The room was empty when the two visitors were shown into it; but in the course of a few minutes Barsiné appeared. Grief had robbed her of the brilliant bloom of her beauty, but had given to her face a new and more spiritual expression. When Charidemus last saw her she might have been a painter’s model for Helen, a Helen, that is, who had not learnt to prefer a lover to a husband; now she was the ideal of an Andromaché. She caught hold of Manasseh’s hand, and lifted it to her lips, and then turned to greet his companion. She had been prepared for his coming, but the sight of him overcame her self-control. She was not one of the women who sob and cry aloud. Persian though she was—and the Persians were peculiarly vehement in the expression of their grief—she had something of a Spartan fortitude; but she could not keep back the big tears that rolled silently down her cheeks.

“It is a sad pleasure to see you,” she said at last, addressing the Macedonian, when she had recovered her voice. “My Memnon liked you well; he often spoke of you after you left us; and now I find that my dear brother liked you and trusted you also. I know you will help me if you can. Have you any counsel to give to the most unhappy of women?”

“Alexander,” said the Macedonian, “is the most generous of conquerors. I would say, Appeal to his clemency and compassion. I know that he respected and admired your husband. I have heard him say—for he has often deigned to talk of such things with me—that Memnon was the only adversary that he feared in all Asia. ‘Whether or no I am an Achilles’—these, lady, were his very words—‘he is certainly a Hector.’ Go to him, then, I say—he comes to-morrow or the next day—throw yourself at his feet. Believe me, you will not repent of it.”

“Oh, sir,” cried the unhappy woman, “that is hard advice for the widow of Memnon and the daughter of Artabazus to follow. To grovel before him on the ground as though I were a slave! It is more than I can bear. Oh! cannot I fly from him to some safe place? Tell me, father,” and she caught Manasseh’s hand, “you know everything, tell me whither I can go. Should I not be out of his reach in Tyre?”
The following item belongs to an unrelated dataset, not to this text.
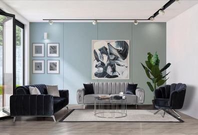 Schwarz-Graue Edelstahlsofas Designer Polster Dreisitzer Sessel 3tlg Set

“Lady,” said Manasseh, “I have put this question to myself many times, and have not found an answer. I do not know how you can escape from him. As for Tyre, I am not even sure that it will attempt to stand out against him; but I am sure that if it does it will bitterly repent it. She repented of having stood out against Nebuchadnezzar,[47] and Nebuchadnezzar is to this man as a vulture is to an eagle. And there are words, too, in our sacred books which make me think that an evil time is coming for her. No! I would say, Do not trust yourself to Tyre. And would you gain if you fled to the outer barbarians, to those that dwell by the fountains of the Nile, if you could reach them, or to the Arabs? Would they treat you, think you, better than he, who is at least half a Greek?”

“Let me think,” cried Barsiné, “let me have time.”

“Yes,” said Manasseh, “but not so much time as would rob your supplication of all its grace. Go to him as a suppliant; let him not claim you as a prisoner.”

Some little talk on other matters followed; but the conversation languished, and it was not long before the visitors took their leave.